(Data extracted from a collection)
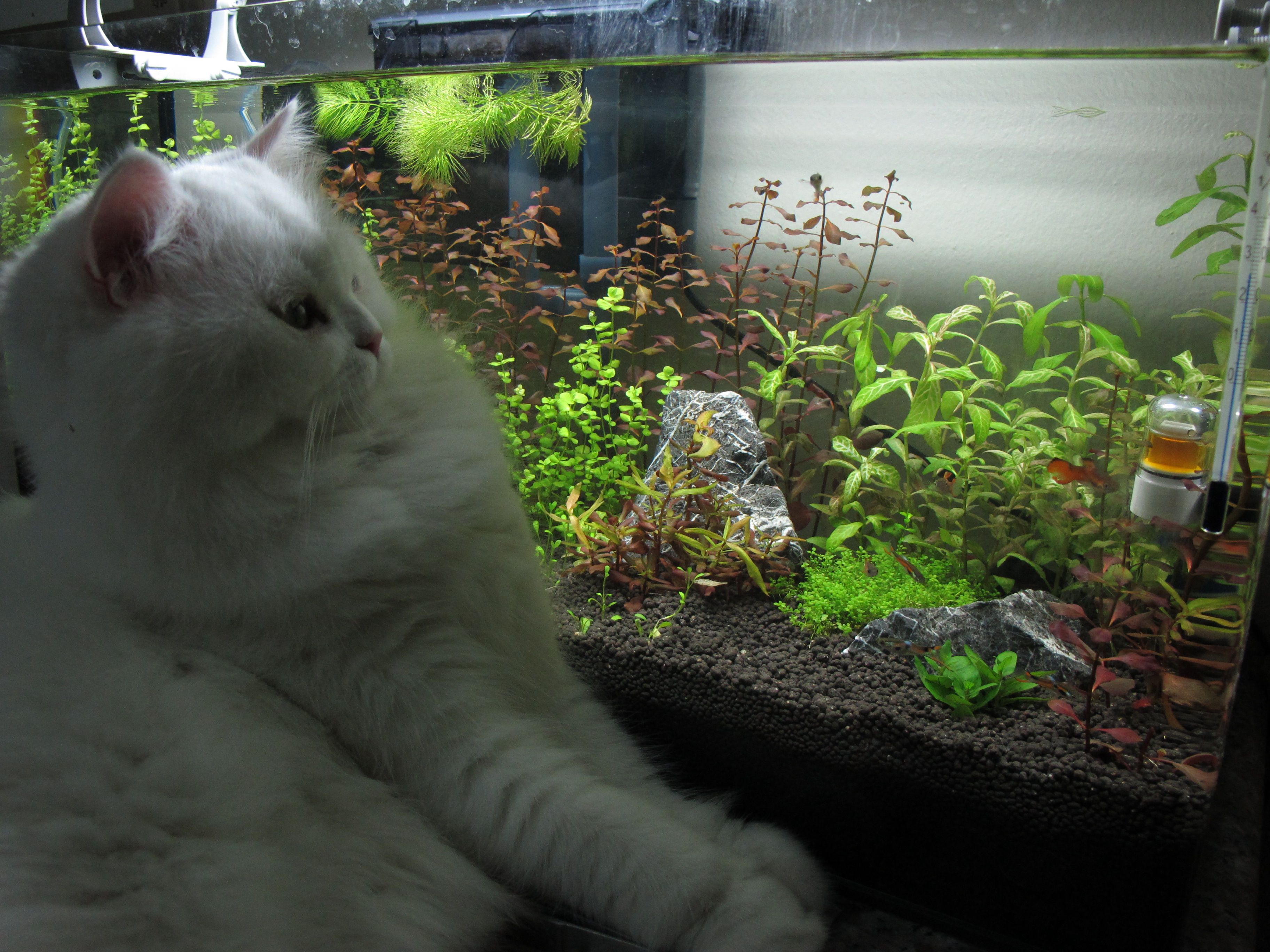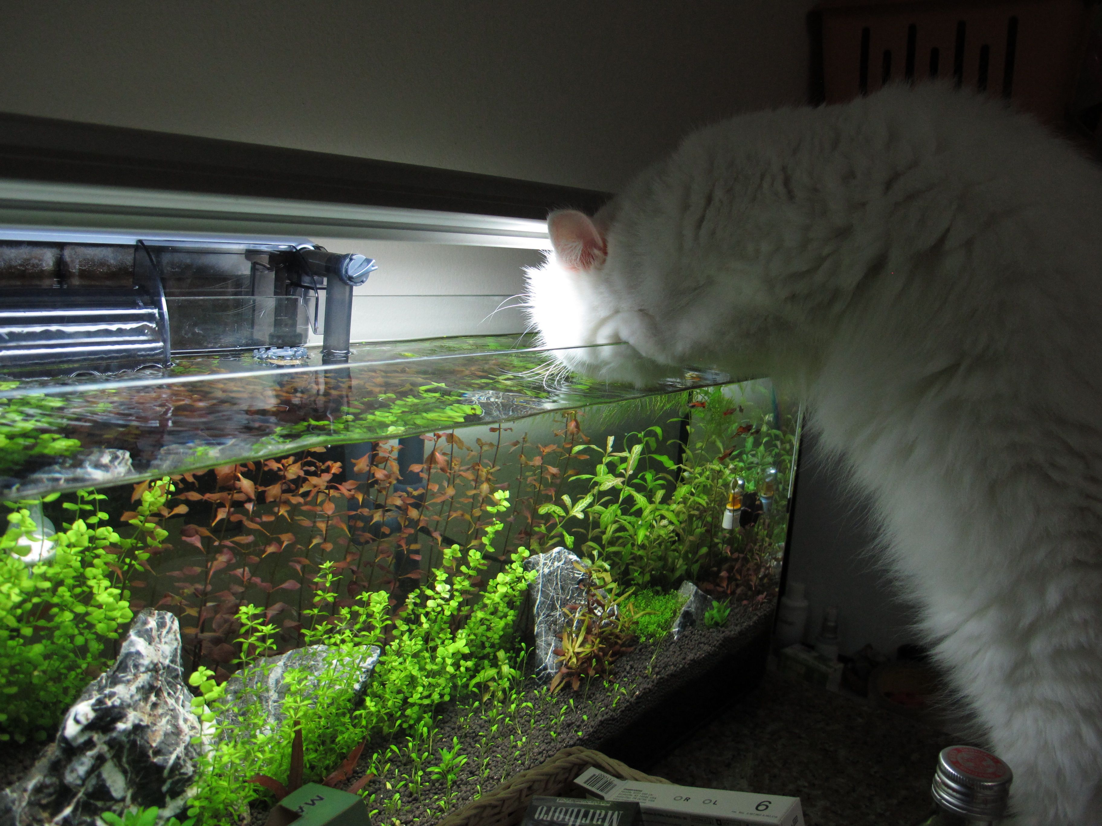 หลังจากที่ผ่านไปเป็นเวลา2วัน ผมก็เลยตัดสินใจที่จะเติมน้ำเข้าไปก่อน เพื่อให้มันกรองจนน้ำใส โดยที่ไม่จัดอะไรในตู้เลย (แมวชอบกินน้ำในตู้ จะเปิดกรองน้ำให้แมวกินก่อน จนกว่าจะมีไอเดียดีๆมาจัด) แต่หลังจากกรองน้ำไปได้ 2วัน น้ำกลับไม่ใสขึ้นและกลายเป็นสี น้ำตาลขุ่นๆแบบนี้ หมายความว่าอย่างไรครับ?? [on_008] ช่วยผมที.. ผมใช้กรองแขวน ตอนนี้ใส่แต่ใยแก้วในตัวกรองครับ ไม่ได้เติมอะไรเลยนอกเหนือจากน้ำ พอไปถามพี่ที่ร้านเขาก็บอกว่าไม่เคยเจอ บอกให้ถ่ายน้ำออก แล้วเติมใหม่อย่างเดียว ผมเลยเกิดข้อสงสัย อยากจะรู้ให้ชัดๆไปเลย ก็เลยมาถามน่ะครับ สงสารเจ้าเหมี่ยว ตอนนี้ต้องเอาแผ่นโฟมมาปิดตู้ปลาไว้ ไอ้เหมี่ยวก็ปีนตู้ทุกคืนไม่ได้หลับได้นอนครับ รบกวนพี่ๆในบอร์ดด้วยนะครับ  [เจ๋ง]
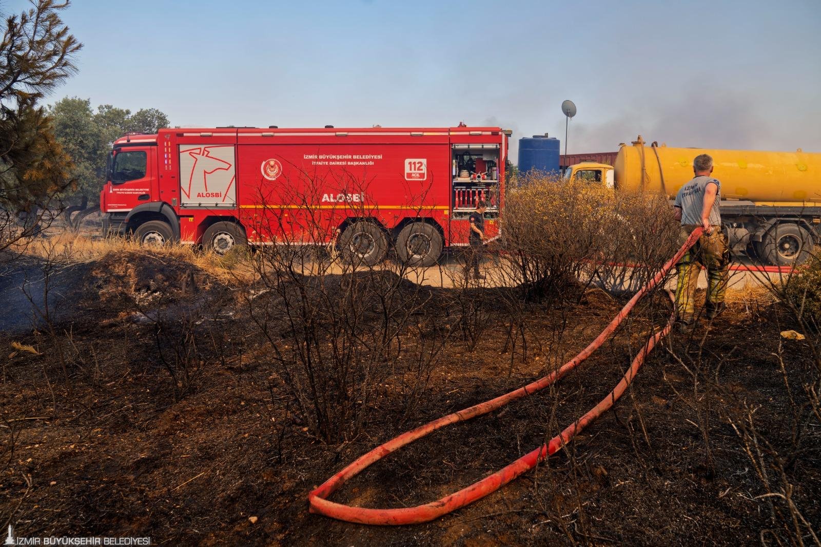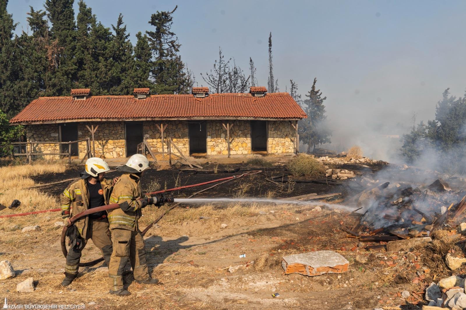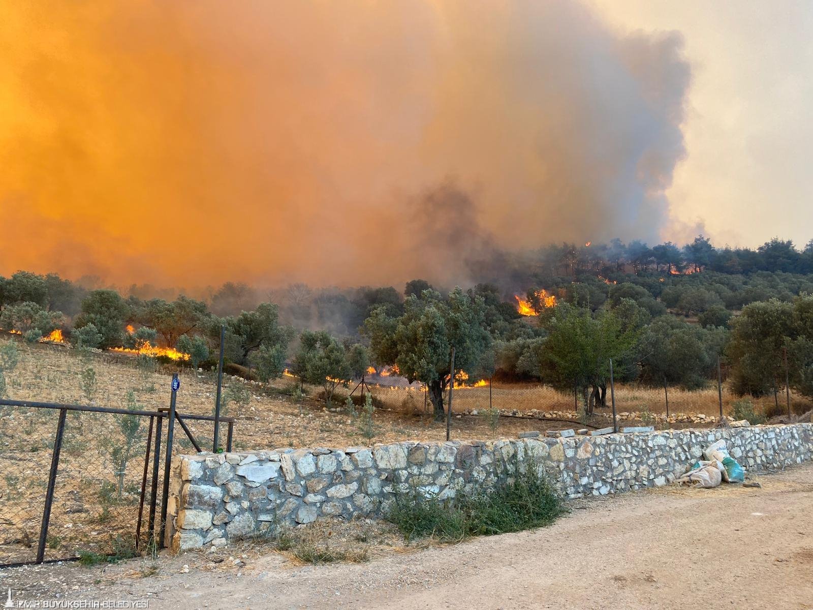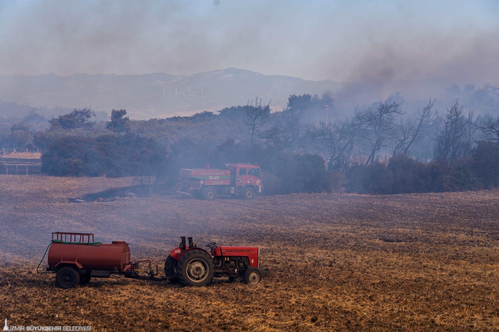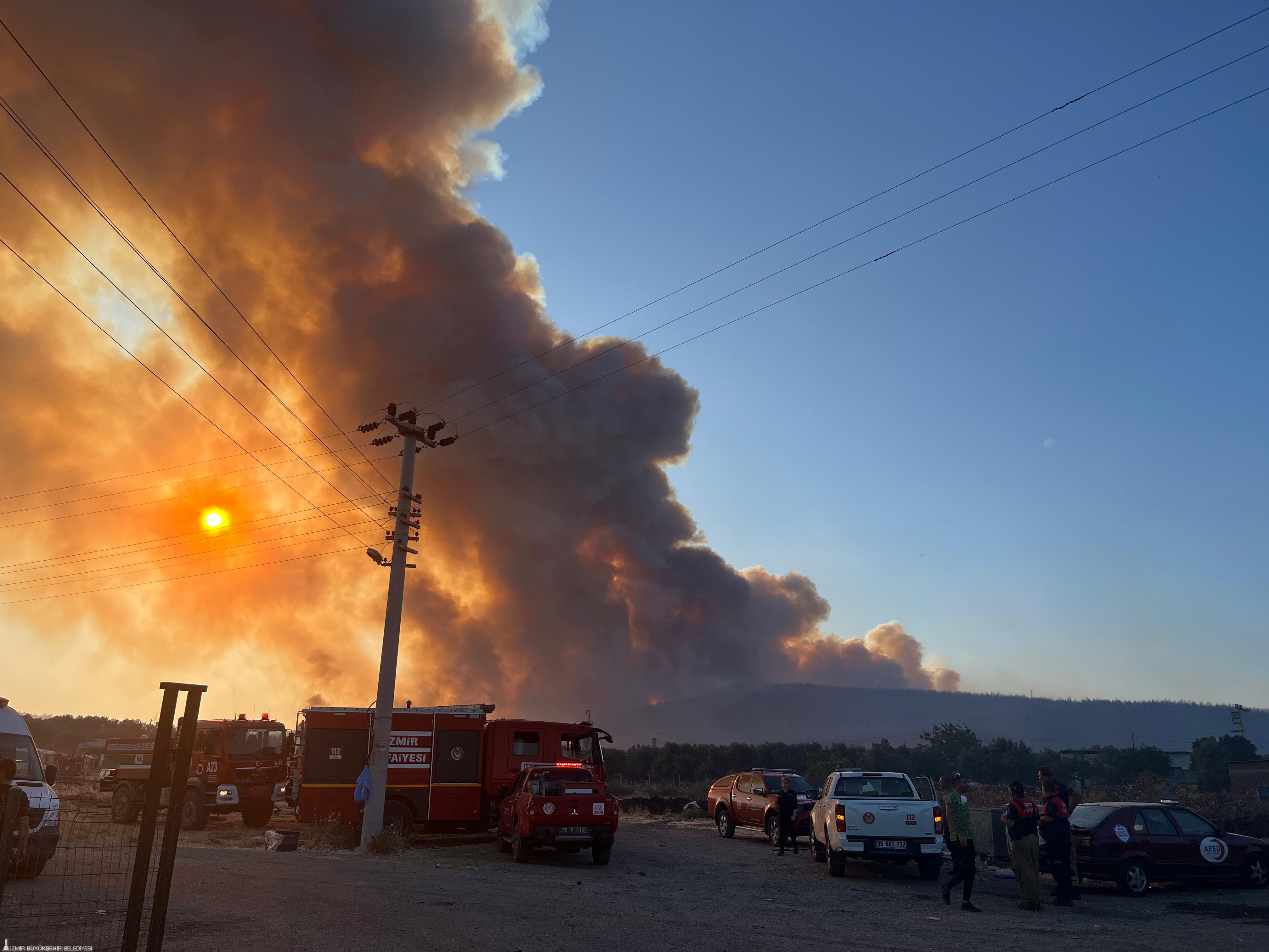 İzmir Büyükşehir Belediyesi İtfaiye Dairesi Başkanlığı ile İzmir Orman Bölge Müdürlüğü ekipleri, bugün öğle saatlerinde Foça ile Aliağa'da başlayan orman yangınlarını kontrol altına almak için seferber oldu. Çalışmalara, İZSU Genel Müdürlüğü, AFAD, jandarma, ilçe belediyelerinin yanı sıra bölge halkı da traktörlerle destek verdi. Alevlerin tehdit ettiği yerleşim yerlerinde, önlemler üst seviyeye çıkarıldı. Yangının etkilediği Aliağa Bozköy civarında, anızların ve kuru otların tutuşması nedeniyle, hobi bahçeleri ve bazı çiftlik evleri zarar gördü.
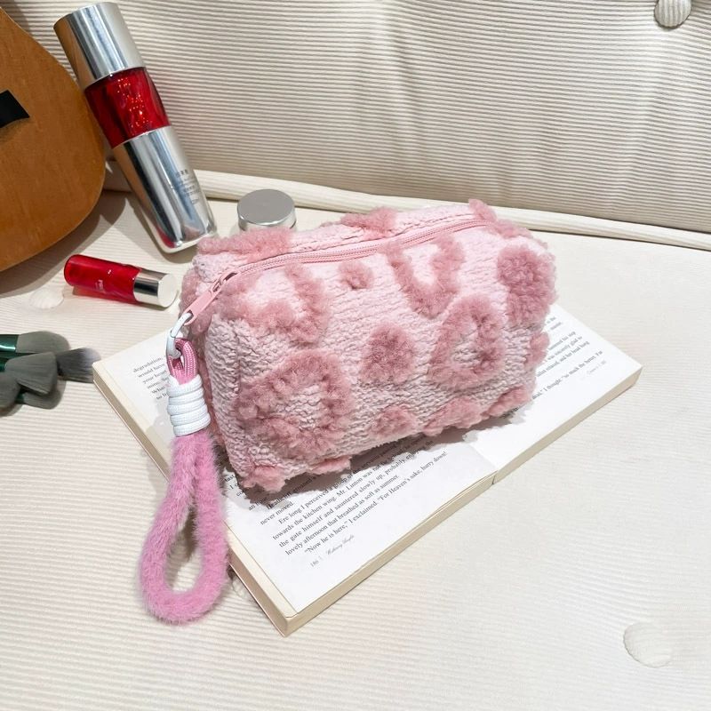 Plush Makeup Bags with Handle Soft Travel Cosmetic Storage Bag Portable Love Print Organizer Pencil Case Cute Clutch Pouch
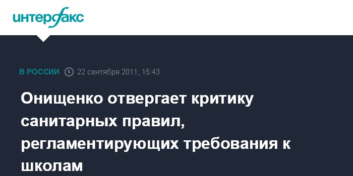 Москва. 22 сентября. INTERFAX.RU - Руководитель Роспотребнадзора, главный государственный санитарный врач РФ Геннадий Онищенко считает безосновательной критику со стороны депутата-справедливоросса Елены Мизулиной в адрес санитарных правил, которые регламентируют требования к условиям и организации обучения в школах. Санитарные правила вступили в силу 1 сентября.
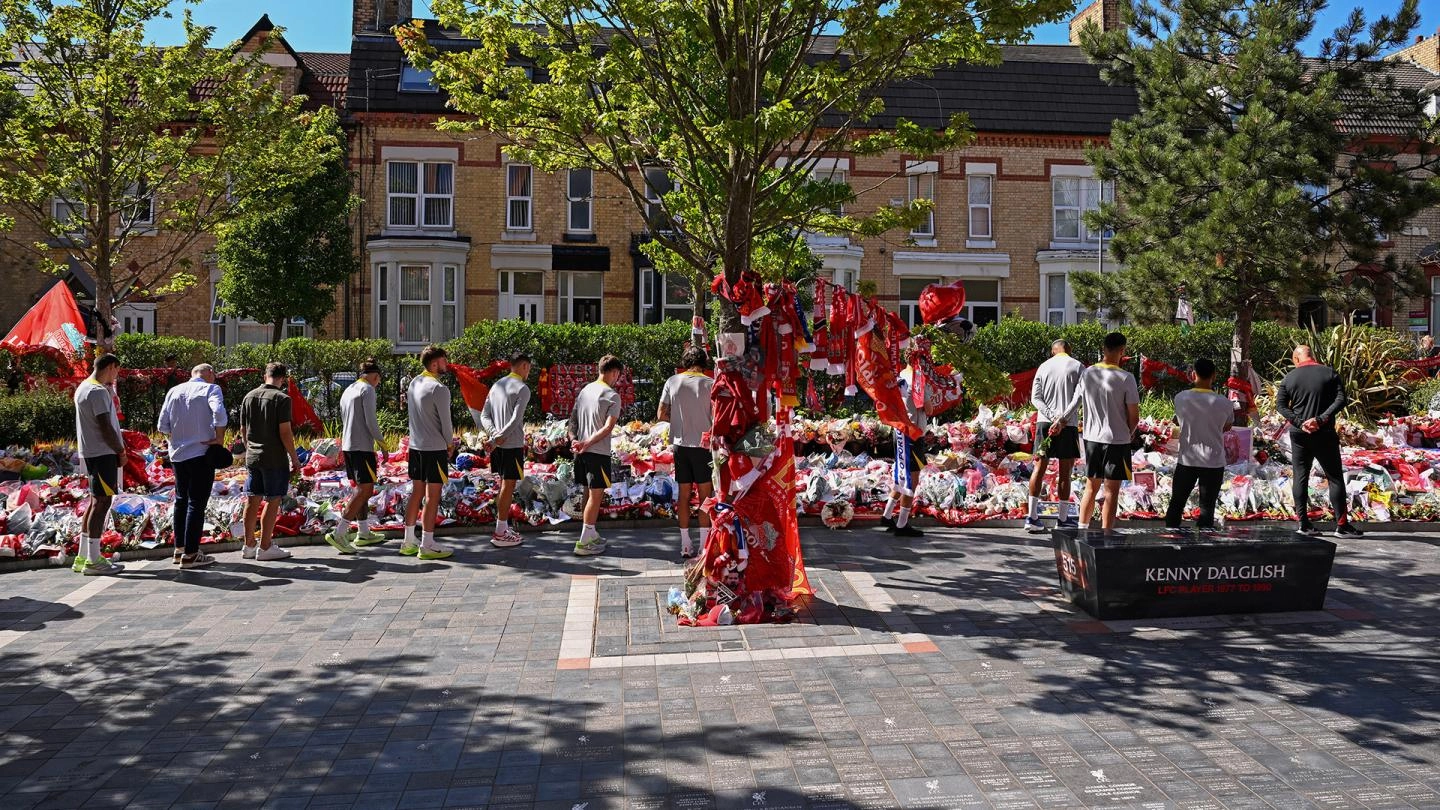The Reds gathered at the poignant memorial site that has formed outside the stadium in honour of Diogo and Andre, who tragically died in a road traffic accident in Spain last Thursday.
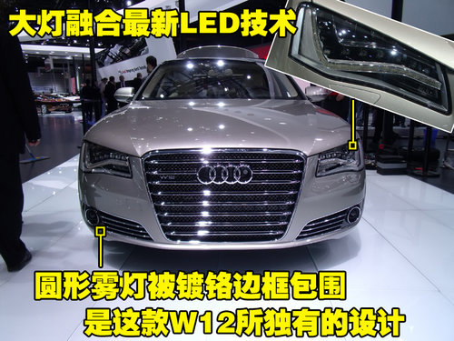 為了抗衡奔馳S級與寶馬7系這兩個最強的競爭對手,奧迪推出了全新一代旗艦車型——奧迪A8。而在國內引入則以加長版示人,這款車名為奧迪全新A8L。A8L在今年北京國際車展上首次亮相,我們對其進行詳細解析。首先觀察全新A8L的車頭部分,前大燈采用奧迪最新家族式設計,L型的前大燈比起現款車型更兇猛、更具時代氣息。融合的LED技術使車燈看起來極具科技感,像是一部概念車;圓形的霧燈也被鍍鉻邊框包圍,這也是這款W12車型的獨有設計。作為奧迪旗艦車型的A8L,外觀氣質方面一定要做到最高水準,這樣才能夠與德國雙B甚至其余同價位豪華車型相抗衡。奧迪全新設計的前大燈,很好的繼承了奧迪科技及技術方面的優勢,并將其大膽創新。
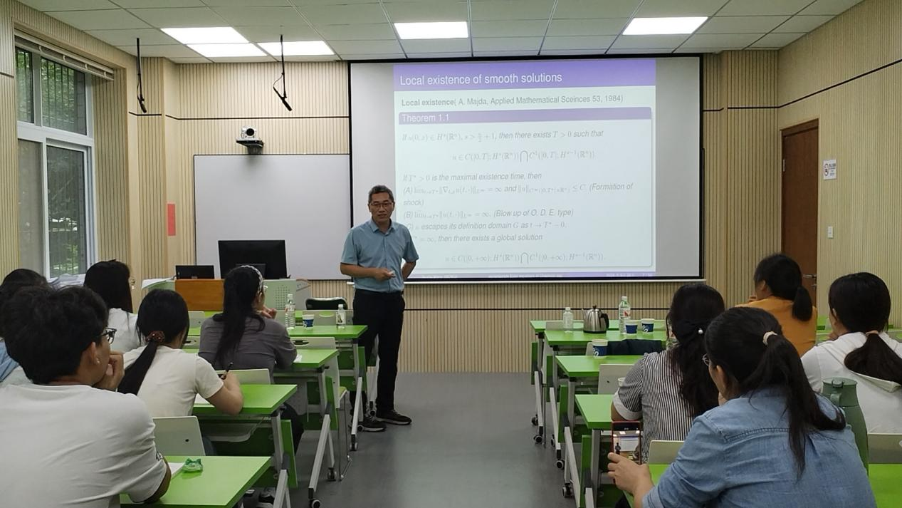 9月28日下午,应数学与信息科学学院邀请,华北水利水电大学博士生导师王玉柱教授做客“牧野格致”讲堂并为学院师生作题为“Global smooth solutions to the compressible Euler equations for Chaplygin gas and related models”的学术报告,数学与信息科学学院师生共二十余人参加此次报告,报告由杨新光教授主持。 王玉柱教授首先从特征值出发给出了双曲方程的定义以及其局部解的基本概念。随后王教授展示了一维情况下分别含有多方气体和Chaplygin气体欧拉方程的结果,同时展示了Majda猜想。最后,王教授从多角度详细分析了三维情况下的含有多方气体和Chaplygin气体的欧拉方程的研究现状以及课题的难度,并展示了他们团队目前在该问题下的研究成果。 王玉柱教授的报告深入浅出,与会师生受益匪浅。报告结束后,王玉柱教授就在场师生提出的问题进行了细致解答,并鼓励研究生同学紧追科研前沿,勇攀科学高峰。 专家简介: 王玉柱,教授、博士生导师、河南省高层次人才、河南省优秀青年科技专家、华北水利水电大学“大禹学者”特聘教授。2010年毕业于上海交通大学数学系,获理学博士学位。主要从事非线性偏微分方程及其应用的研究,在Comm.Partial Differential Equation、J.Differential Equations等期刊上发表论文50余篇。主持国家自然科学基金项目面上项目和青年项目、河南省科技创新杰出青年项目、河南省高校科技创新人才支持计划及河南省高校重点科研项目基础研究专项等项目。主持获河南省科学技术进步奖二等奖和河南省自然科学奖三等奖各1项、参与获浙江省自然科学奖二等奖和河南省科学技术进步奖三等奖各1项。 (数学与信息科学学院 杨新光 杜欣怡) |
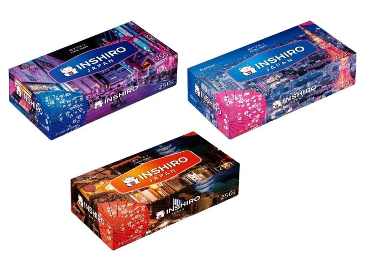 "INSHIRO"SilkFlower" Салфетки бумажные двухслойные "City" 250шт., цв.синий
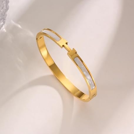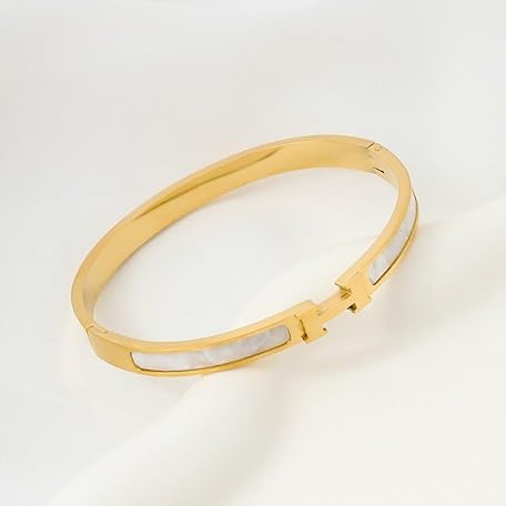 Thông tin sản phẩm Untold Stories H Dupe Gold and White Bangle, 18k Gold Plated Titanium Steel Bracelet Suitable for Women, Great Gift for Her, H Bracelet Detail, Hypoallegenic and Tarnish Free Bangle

_WORK TO COMPLETE:_
A verbatim reproduction is expected: starting at the line above that has "Plush Makeup Bags", ending at the line that has "為了抗衡奔馳S級與寶馬7系這", both included, and with no pictures and no other lines.

_ANSWER FOR THIS EXERCISE:_
 Plush Makeup Bags with Handle Soft Travel Cosmetic Storage Bag Portable Love Print Organizer Pencil Case Cute Clutch Pouch
 Москва. 22 сентября. INTERFAX.RU - Руководитель Роспотребнадзора, главный государственный санитарный врач РФ Геннадий Онищенко считает безосновательной критику со стороны депутата-справедливоросса Елены Мизулиной в адрес санитарных правил, которые регламентируют требования к условиям и организации обучения в школах. Санитарные правила вступили в силу 1 сентября.
The Reds gathered at the poignant memorial site that has formed outside the stadium in honour of Diogo and Andre, who tragically died in a road traffic accident in Spain last Thursday.
 為了抗衡奔馳S級與寶馬7系這兩個最強的競爭對手,奧迪推出了全新一代旗艦車型——奧迪A8。而在國內引入則以加長版示人,這款車名為奧迪全新A8L。A8L在今年北京國際車展上首次亮相,我們對其進行詳細解析。首先觀察全新A8L的車頭部分,前大燈采用奧迪最新家族式設計,L型的前大燈比起現款車型更兇猛、更具時代氣息。融合的LED技術使車燈看起來極具科技感,像是一部概念車;圓形的霧燈也被鍍鉻邊框包圍,這也是這款W12車型的獨有設計。作為奧迪旗艦車型的A8L,外觀氣質方面一定要做到最高水準,這樣才能夠與德國雙B甚至其余同價位豪華車型相抗衡。奧迪全新設計的前大燈,很好的繼承了奧迪科技及技術方面的優勢,并將其大膽創新。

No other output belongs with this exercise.